To be sure, the substance of the policy itself is driving its unpopularity. Taking away entitlements will always be a tough sell regardless of effective spin, and the legitimate voter anxiety over potentially losing health care benefits as a result of the replacement proposal is driving much of the negativity. But those assumptions also undervalue the unpopularity of Obamacare.
In a vacuum, the GOP’s replacement plan is an epic political dud. But when asked if the GOP Congress should continue efforts to “repeal and replace” Obama’s health care law in the most recent NBC/Wall Street Journal survey, 38 percent agreed while 39 percent opposed. That suggests Americans are still deeply divided on Obamacare’s effectiveness, and are open to supporting an alternative that reduces mandates, lowers premiums, and rolls back taxes—even if it limits the scope of coverage.
One major flaw with the politics of Obamacare was that it created winners and losers, redistributing health care benefits to those who had been uninsured while raising rates for the middle class (on the individual exchanges) and ineffectively managing increased demand for overtaxed medical providers. Past entitlement programs conferred an overall benefit to everyone; Obama’s law effectively redistributed benefits from one group to another.
Given that reality, reversing it inevitably will create another set of winners and losers. That doesn’t mean any replacement proposal should be historically unpopular. If Republicans tried to make the case that government spending on health care was crowding out resources for other public priorities, they might have a captive audience. If they made the case that health care outcomes for those on Medicaid aren’t good, and it’s preferable to have more recipients on private insurance, they’d be making a credible case. If they even made the simple argument that the taxes and mandates on businesses from Obamacare are slowing economic growth, they’d have a receptive constituency.
They still could lose the overall argument, but it’s a safe bet that simply by making a positive case for reforms, public support would rise and it would be easier for McConnell to wrangle 50 votes from his caucus. Instead, the bill is being viewed as a heartless hit job that would effectively kill thousands of sick, uninsured Americans. Even the politically cautious Hillary Clinton got in the act, saying Republicans would become the “death party” if the Senate legislation passed.

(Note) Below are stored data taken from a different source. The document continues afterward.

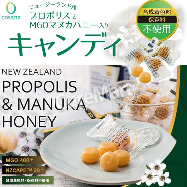 コサナ プロポリス &マヌカハニーMGO400+ キャンディ は、ニュージーランド産プロポリスとMGO400+のマヌカハニーを配合したキャンディです。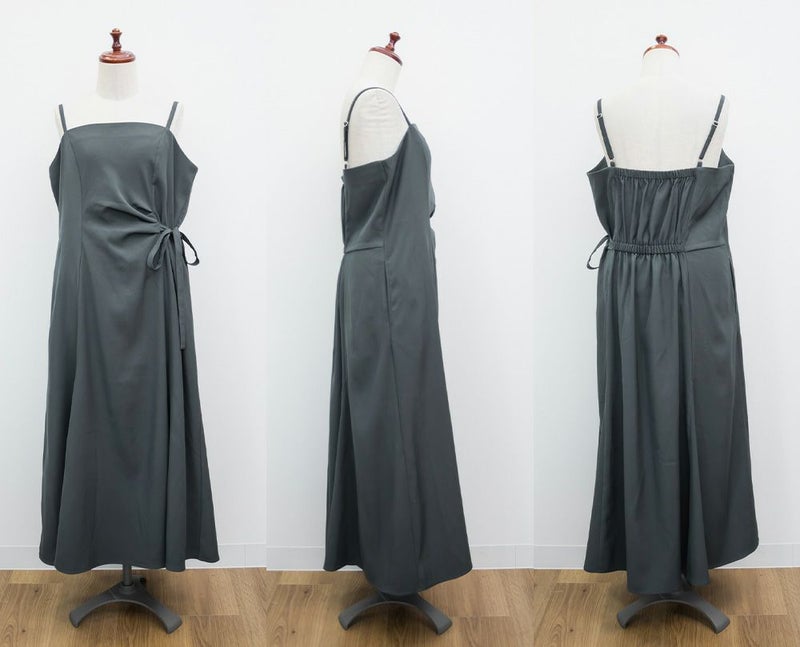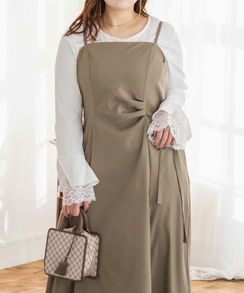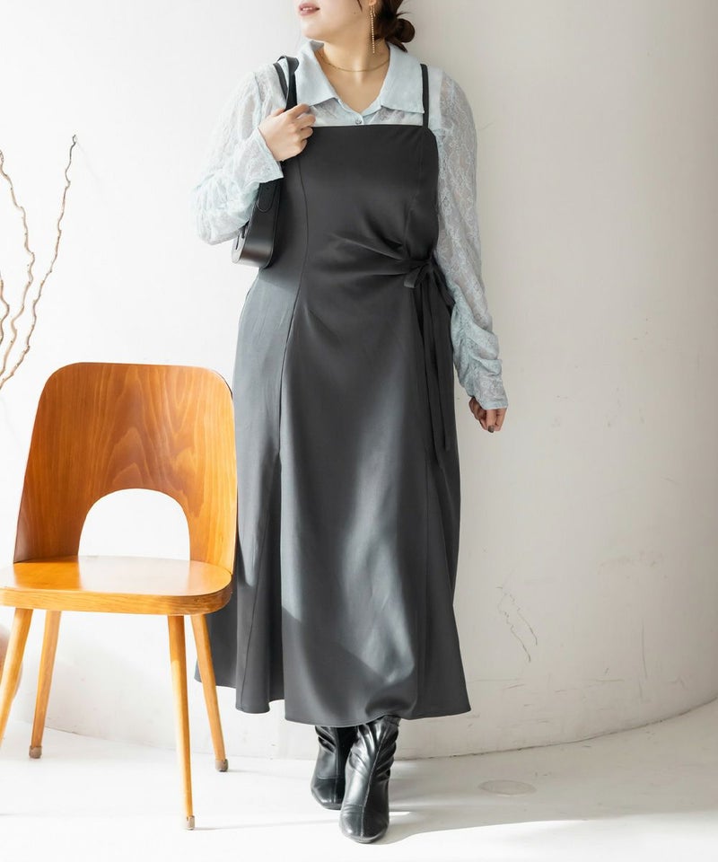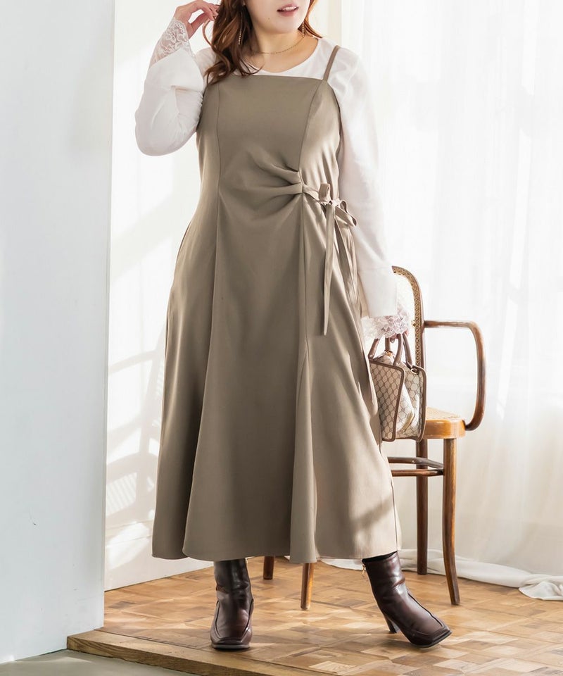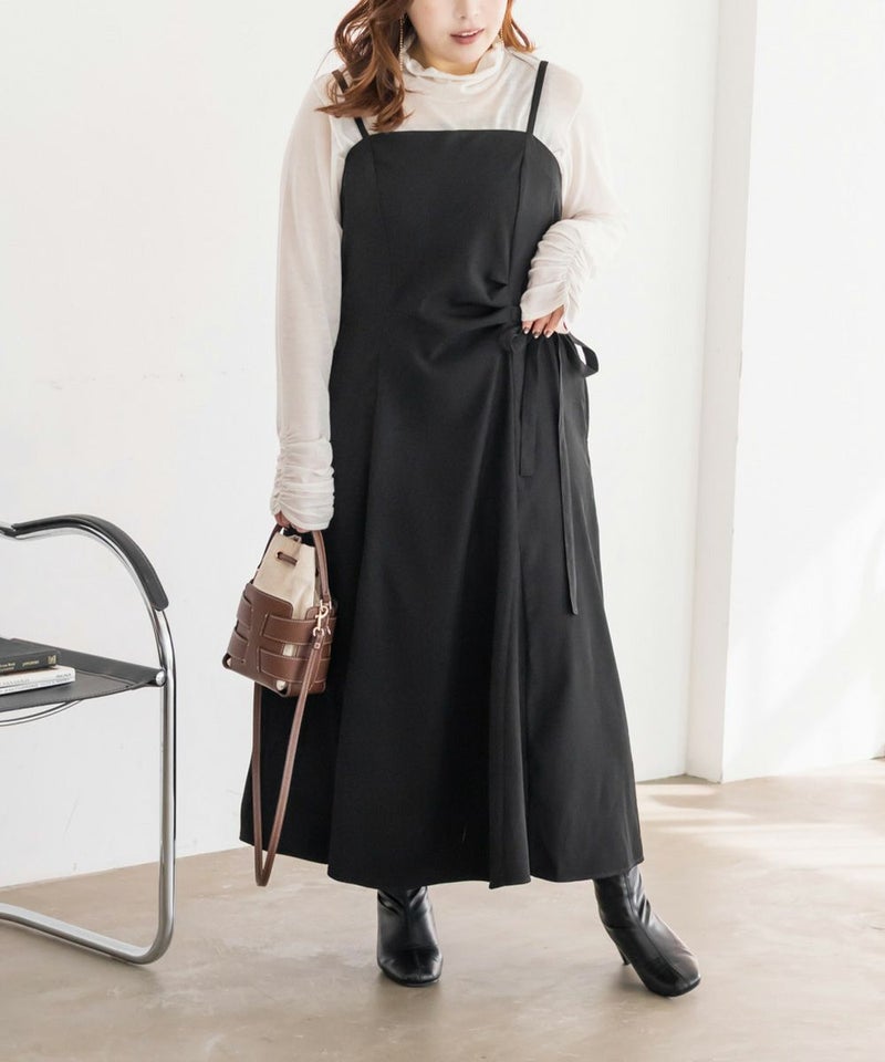 3Lサイズでちょうどよく、いつも通りのサイズ感でした。すっきりしたシルエットですが、ちゃんと身幅があったので窮屈感なくらくちんな1枚でした!ウエスト部分に少しのギャザーと片側にリボンがついているデザインで、シンプルすぎず、大人っぽい雰囲気のワンピースです。パネル切替になっているので、お腹周りも目立たず綺麗なシルエットです!インナー次第でロングシーズン着回せるアイテムです◎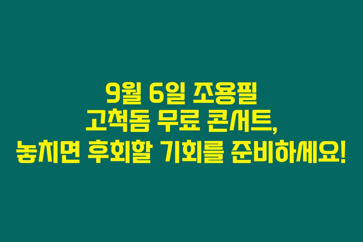 조용필 고척돔 무료 콘서트는 정말 놓치지 말아야 할 이벤트입니다. 많은 분들이 이 기회를 통해 가왕의 진면목을 느껴보시길 바랄게요! 소중한 경험이 될 테니, 잘 준비해서 멋진 순간을 만끽하세요!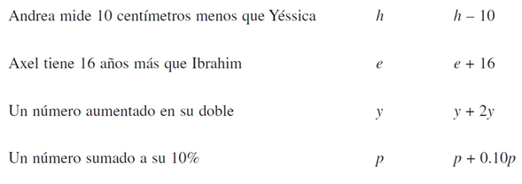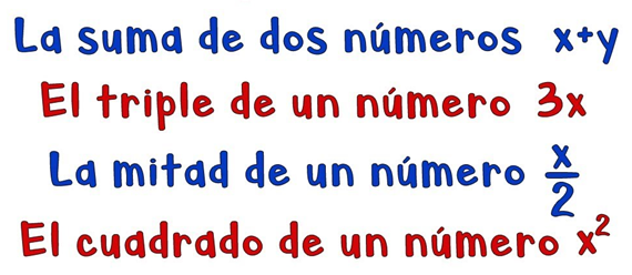 En la siguiente imagen podemos algunos otros ejemplos de lenguaje algebraico.
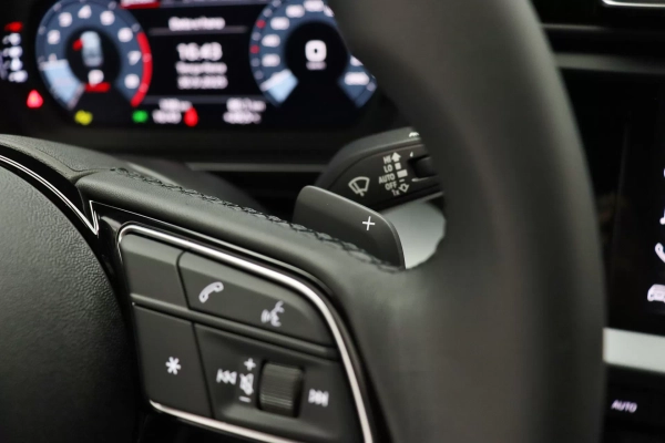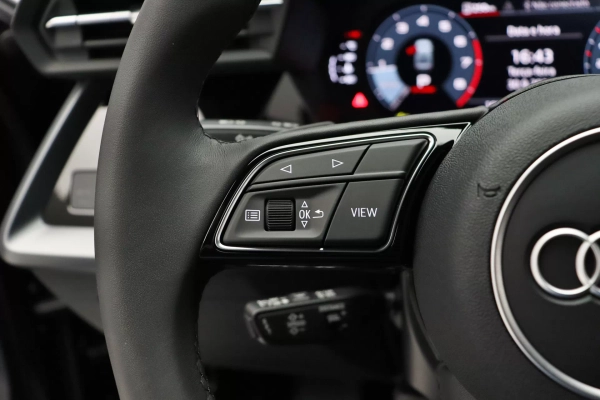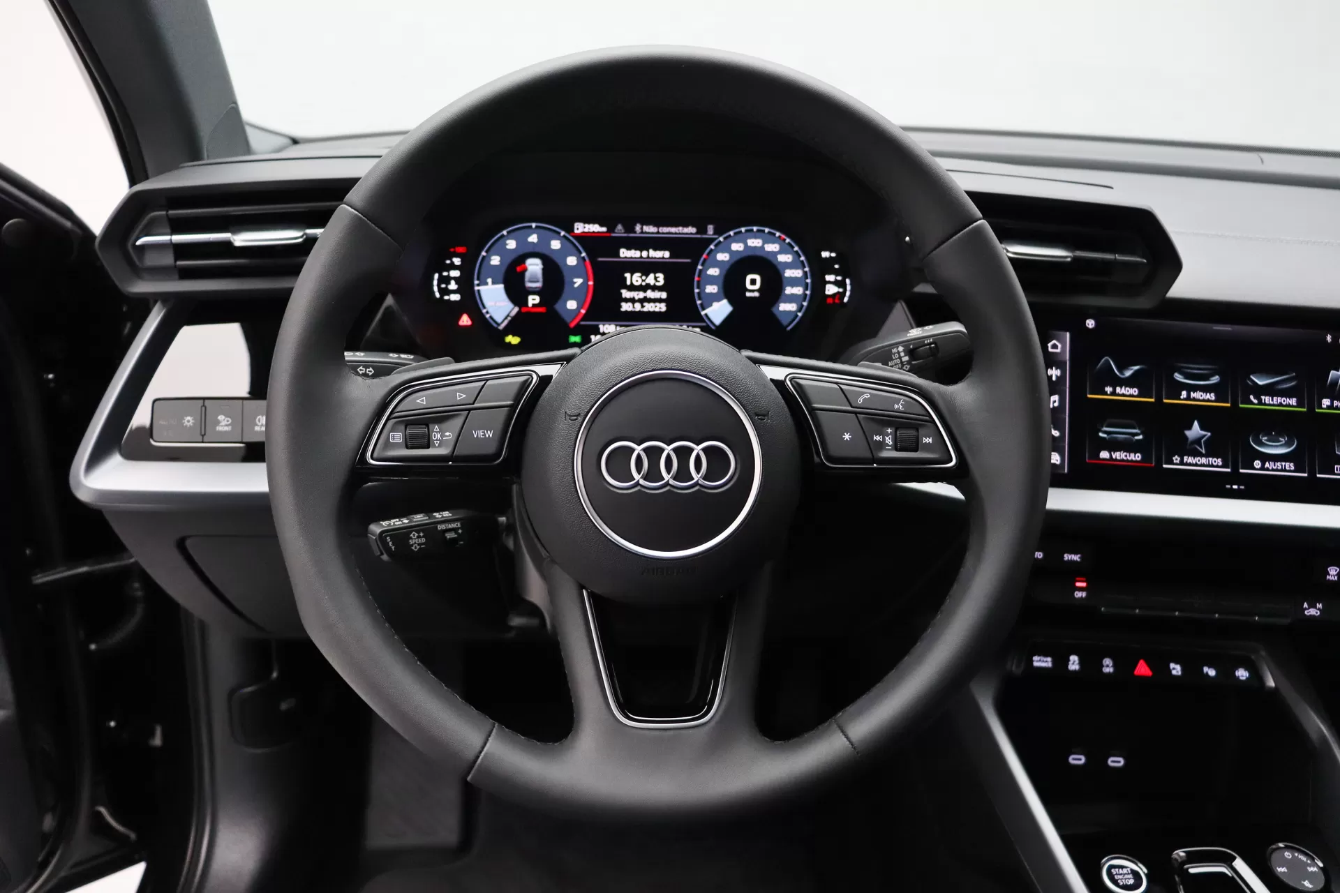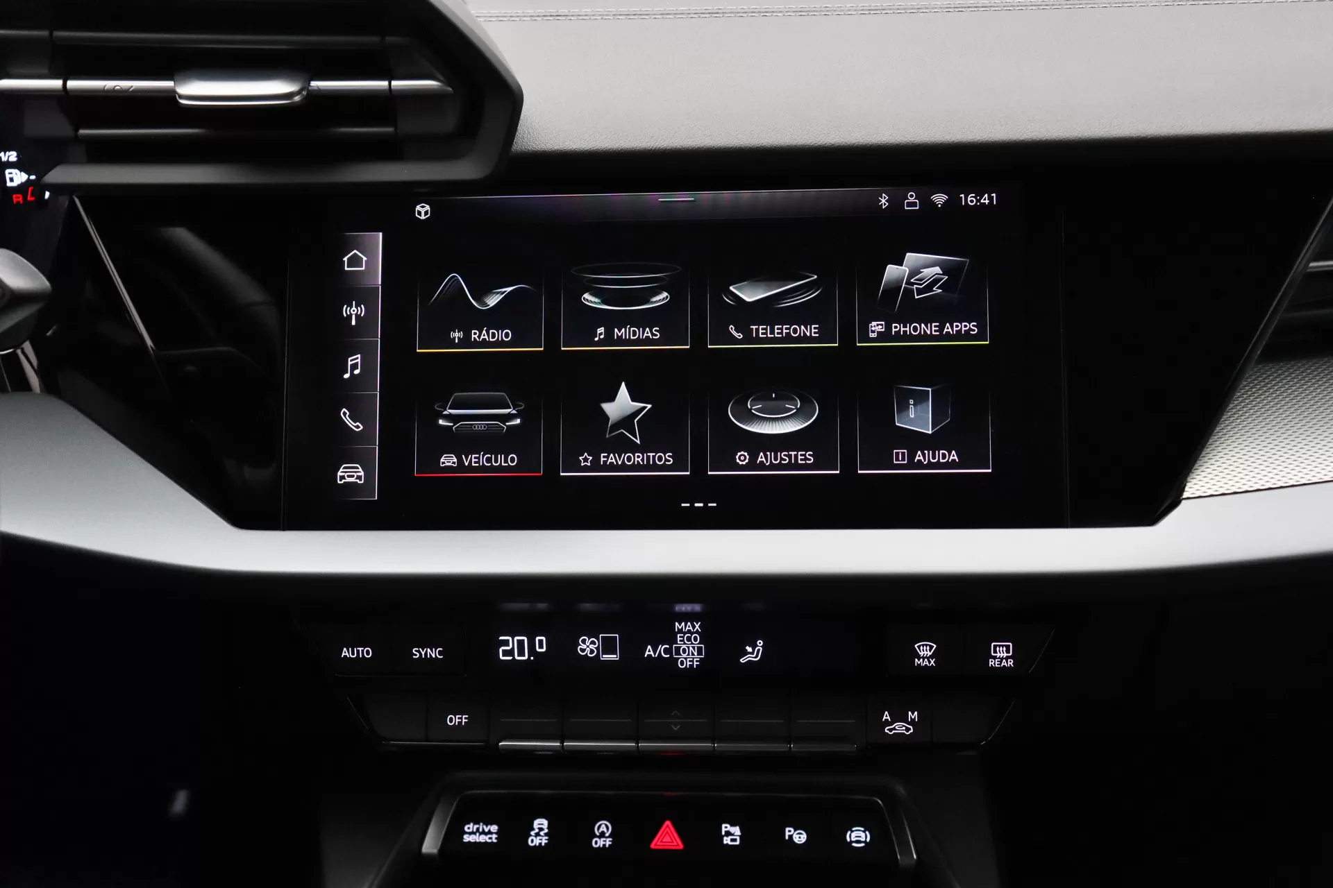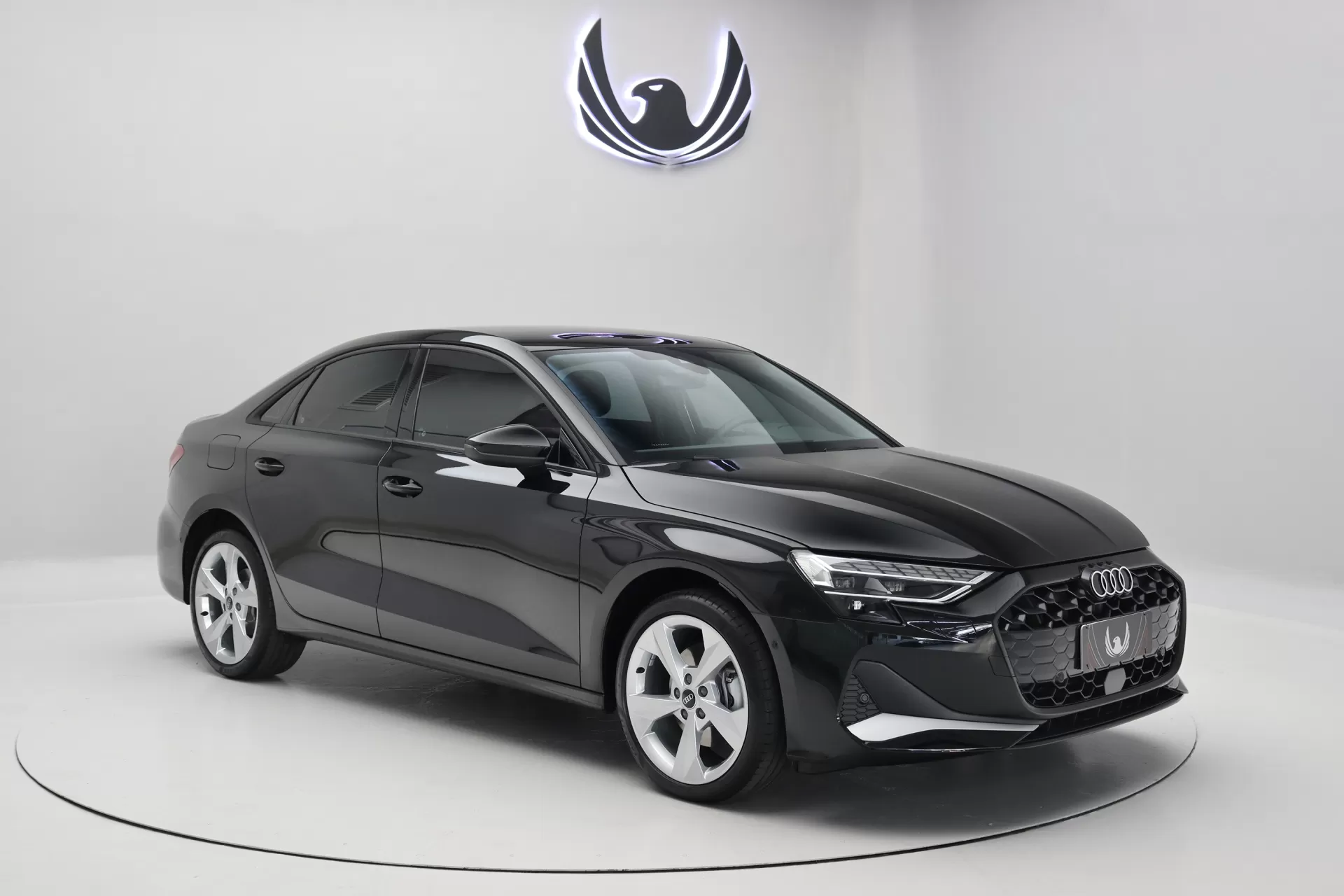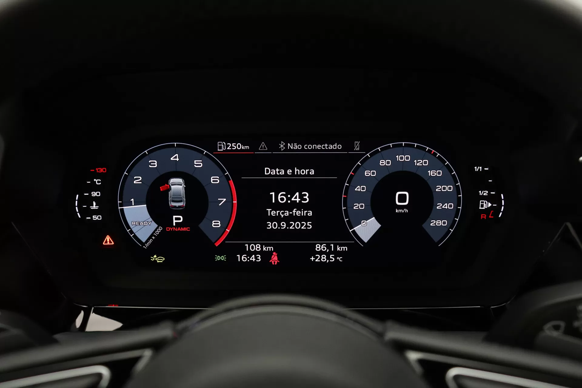 Apenas 108km, película antivandalismo, configurado na cor Preto com interior em Couro Preto, volante multifuncional com paddle shifts, Android Auto e Apple CarPlay, Audi Drive Select, advertência de velocidade, Audi Pre Sense, aviso de troca de faixa, assistente de direção adaptativo, aviso de cansaço, ar condicionado digital, partida por botão, freio de mão eletrônico, rodas aro 18’ em Prata, em exposição no nosso showroom.

Trump deserves most of the blame for this debacle, given his administration’s priority on simply getting health care legislation passed—no matter what’s in it. This is the first time in recent memory when the legislative branch is leading the charge on consequential legislation, absent executive guidance of what to prioritize in a replacement plan. Presidents typically are able to utilize political clout to assert their prerogatives and persuade wayward senators to get with the program. With low approval ratings and minimal command of policy, Trump has none of that capability.
So McConnell will keep chugging along, desperately trying to craft some legislative compromise that can satisfy Republican moderates and conservatives alike. Don’t bet on it succeeding. Even the best-laid plans need some public support behind them. And McConnell isn’t getting any help from anyone—whether it’s the president, his own Senate, or even his party’s top communicators—in selling such wide-ranging reforms to an unaware electorate.